§ **Required work**
Using the material below, return exactly the lines between the one holding "1968 there are" and the one holding "Charming office at", inclusive, and no others.

§ **Data to examine**
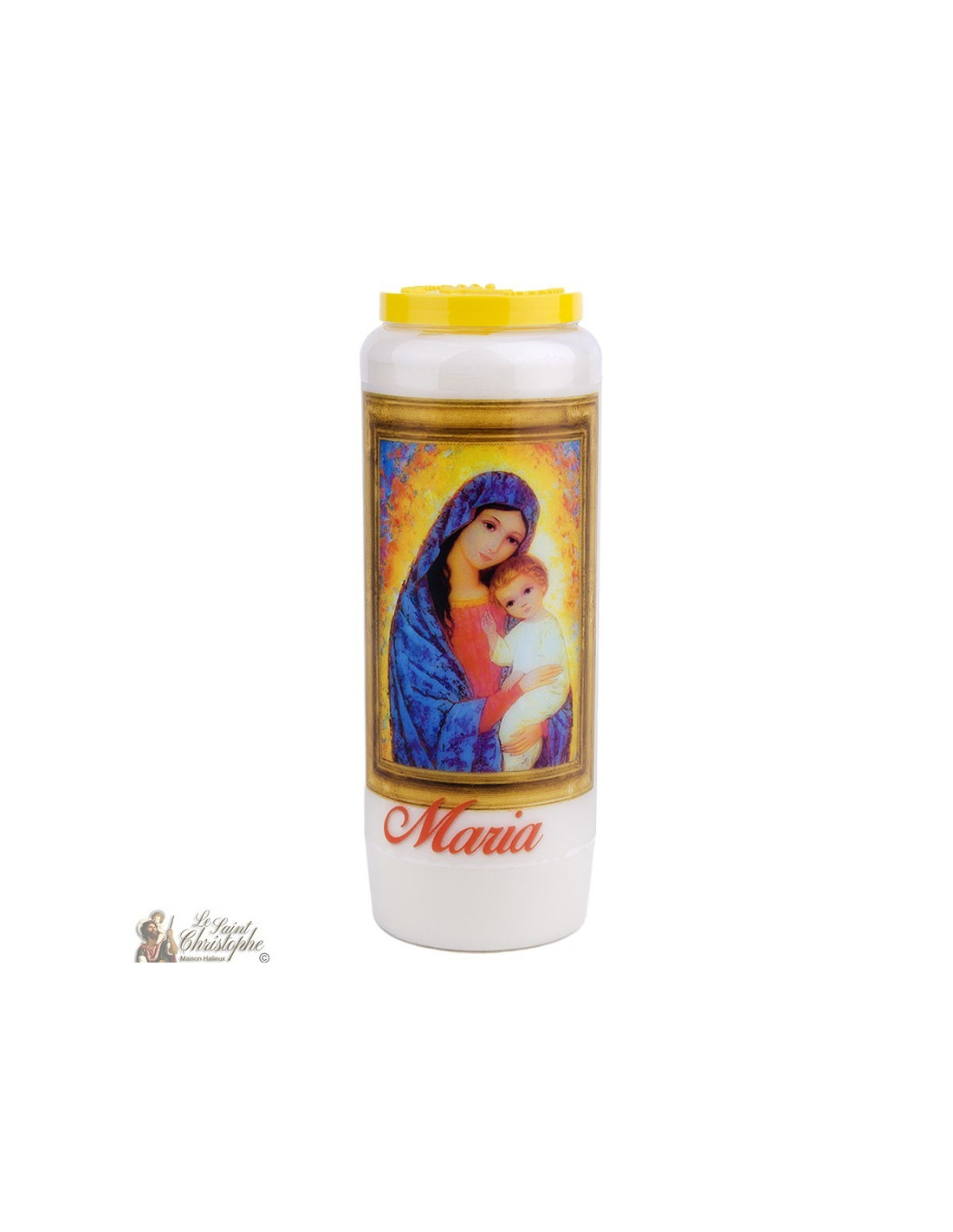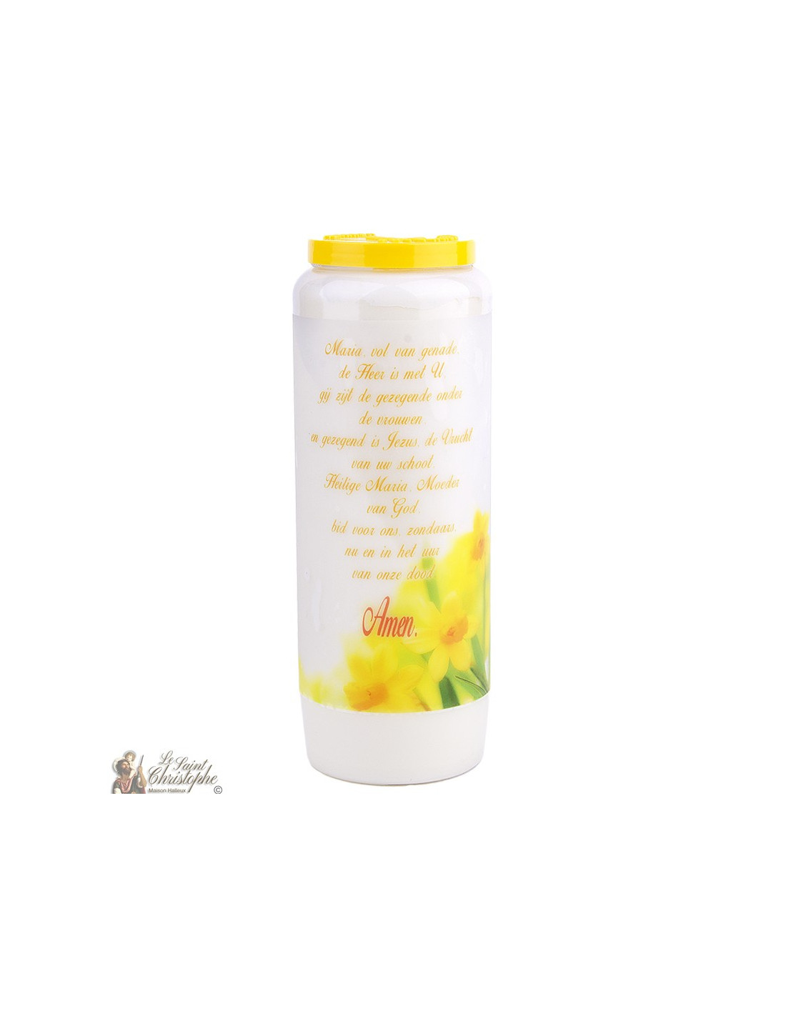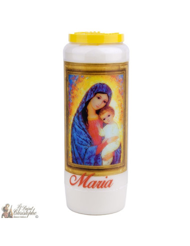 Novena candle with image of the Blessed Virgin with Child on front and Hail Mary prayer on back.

==

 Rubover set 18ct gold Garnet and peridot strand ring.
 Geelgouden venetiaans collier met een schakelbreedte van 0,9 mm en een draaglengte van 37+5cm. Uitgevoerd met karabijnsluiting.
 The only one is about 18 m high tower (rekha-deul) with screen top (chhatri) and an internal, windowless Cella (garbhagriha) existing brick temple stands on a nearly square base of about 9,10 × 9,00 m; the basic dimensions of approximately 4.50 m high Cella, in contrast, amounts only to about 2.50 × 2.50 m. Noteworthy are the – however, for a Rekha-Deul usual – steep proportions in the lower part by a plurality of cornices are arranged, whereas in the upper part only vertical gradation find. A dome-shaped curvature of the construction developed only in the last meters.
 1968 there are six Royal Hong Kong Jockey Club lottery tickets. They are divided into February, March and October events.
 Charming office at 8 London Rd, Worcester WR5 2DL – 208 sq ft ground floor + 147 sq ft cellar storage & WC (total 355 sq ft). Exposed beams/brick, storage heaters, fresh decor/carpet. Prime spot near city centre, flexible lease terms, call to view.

§ **Your response**
 1968 there are six Royal Hong Kong Jockey Club lottery tickets. They are divided into February, March and October events.
 Charming office at 8 London Rd, Worcester WR5 2DL – 208 sq ft ground floor + 147 sq ft cellar storage & WC (total 355 sq ft). Exposed beams/brick, storage heaters, fresh decor/carpet. Prime spot near city centre, flexible lease terms, call to view.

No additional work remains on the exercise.